O mercado da carne bovina no Brasil está num momento que podemos chamar sellers’ market, ou um mercado de vendedores. Prova disso é que mesmo em plena safra do boi os preços seguem subindo. De acordo com o Cepea, o preço do boi gordo em janeiro fechou em média de US$ 53,96 a arroba, praticamente 25% mais alto que a média para o mês dos últimos cinco anos – US$ 43,26/@. Com preços altos e um mercado em alta, esta é a melhor hora para a cadeia investir em transparência e comunicação. Mas por que isso é necessário agora?

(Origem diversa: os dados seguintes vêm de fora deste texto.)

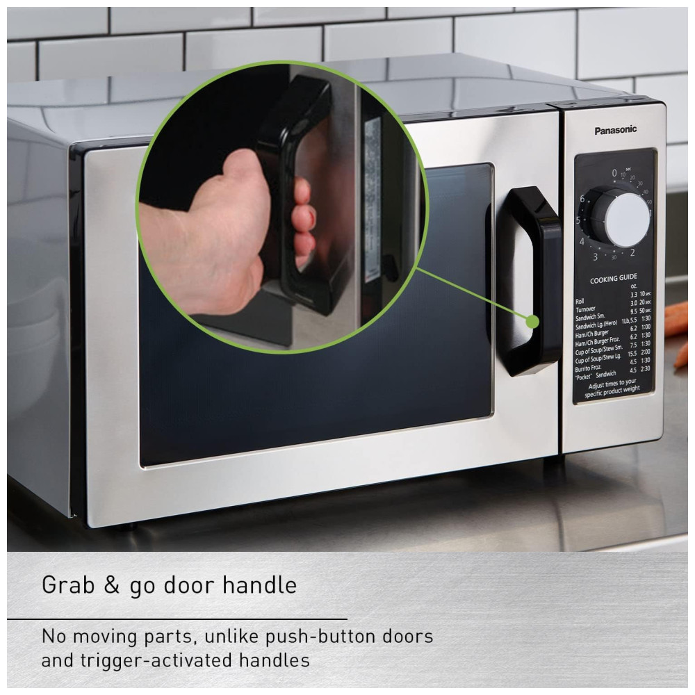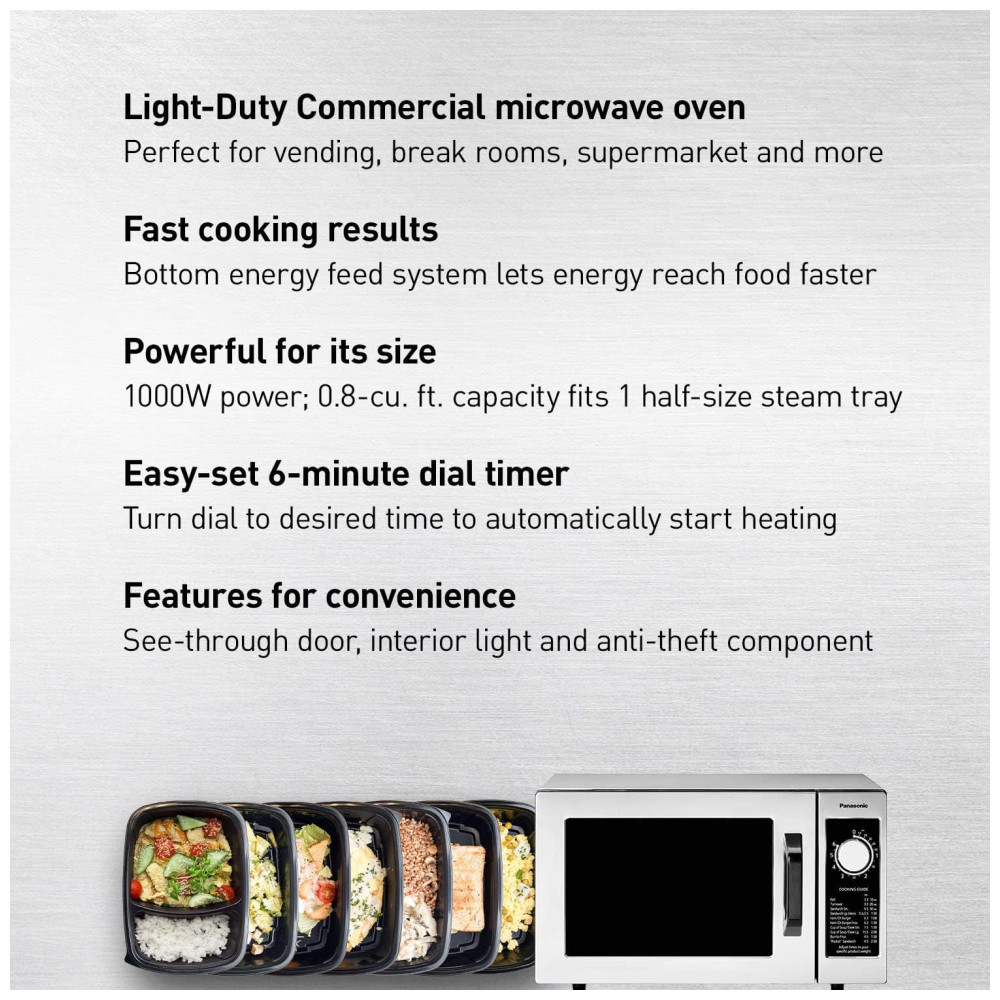 O forno de micro-ondas comercial Panasonic NE1025F nível light-duty é perfeito para espaços pequenos. Com 1000W de potência e capacidade interna, ele acomoda uma bandeja de vapor meio tamanho, 6 polegadas de profundidade. Seu design sem prato giratório e sistema de alimentação de energia inferior trazem os alimentos mais perto da fonte de energia para um aquecimento mais rápido. A porta deste micro-ondas comercial dispensa peças móveis, apresentando uma alça ‘grab and go’ eficiente em aço inoxidável, garantindo desempenho suave e durabilidade. Com timer eletrônico preciso de 6 minutos, porta transparente, luz interna, este micro-ondas compacto é ideal para uso comercial.

Quesitos socioambientais têm ganhado cada vez maior importância para os compradores de produtos do agronegócio brasileiro. No Brasil o boletim CiCarne – Centro de Inteligência da Carne da Embrapa, de 1 a 7 agosto de 2020, divulgou os resultados do estudo Como Será o Mercado Consumidor de Carne Bovina em 2040?. Este estudo traz pontos interessantes sobre mudanças no comportamento dos consumidores de carne nos próximos anos. Um dos desafios que o mercado vai enfrentar é um consumidor cada vez mais exigente e atento às questões como bem-estar animal, adoção de práticas sustentáveis de produção e redução das emissões de gases do efeito estufa. No mercado internacional um bom exemplo é o que já acontece no comércio de frutas. Em 2019, dos dez maiores compradores de frutas do Brasil cinco eram da Europa; eles compraram US$ 616 milhões ou 77% do total exportado, e têm tolerância zero com qualquer resíduo de defensivos agrícolas. Outro exemplo vem da França onde leis como a Devoir de Vigilance (Dever de Vigilância, tradução livre), responsabiliza as empresas francesas pela compra e comercialização de produtos que causem danos ambientais e sociais. Trata-se de uma lei bastante ambiciosa, que se aplica às operações dessas empresas na França assim como em outros países, e está servindo de modelo para uma lei semelhante para toda a União Europeia.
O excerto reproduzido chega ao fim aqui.